(Stored data Opens)

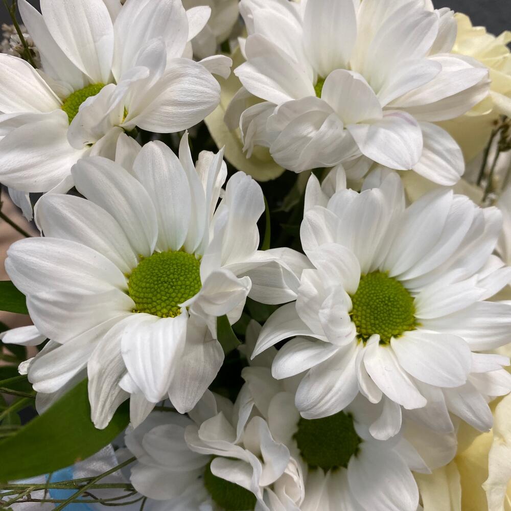 магнум белый – 1 шт.Роза – 3 шт.Лимониум – 2 шт.Ромашка кустовая – 3 шт.гиппеаструм – 1 шт.Зелень – 5 шт.Коробка шляпная – 1 шт.Оазис флористический – 1 шт.Лента атласная – 2 шт.
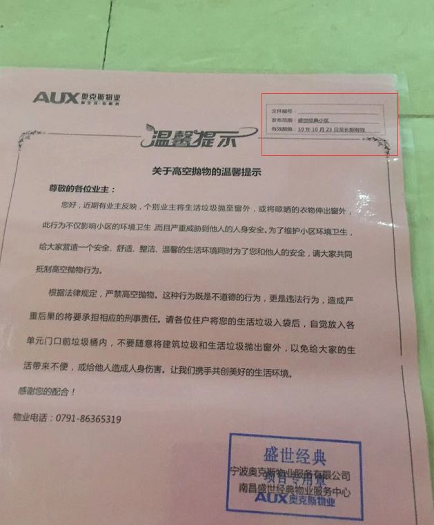 工作人员也跟居民做了关于高空抛物的宣讲,小区里也早就张贴了关于高空抛物的温馨提示,该做的物业方面也尽力做了。
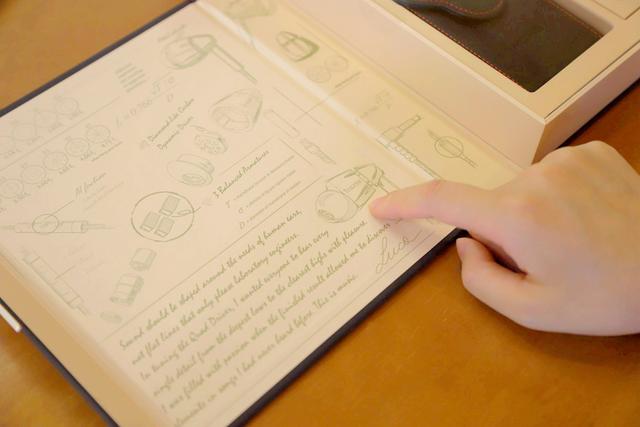 翻开包装后,左侧是以浅浅的杏色为背景色的手绘风格的耳机设计草稿,右侧是耳机与配件。

(Stored data Closes)

# [Work task]
Omit all images when repeating the data above exactly.

# [Your response]
 магнум белый – 1 шт.Роза – 3 шт.Лимониум – 2 шт.Ромашка кустовая – 3 шт.гиппеаструм – 1 шт.Зелень – 5 шт.Коробка шляпная – 1 шт.Оазис флористический – 1 шт.Лента атласная – 2 шт.
 工作人员也跟居民做了关于高空抛物的宣讲,小区里也早就张贴了关于高空抛物的温馨提示,该做的物业方面也尽力做了。
 翻开包装后,左侧是以浅浅的杏色为背景色的手绘风格的耳机设计草稿,右侧是耳机与配件。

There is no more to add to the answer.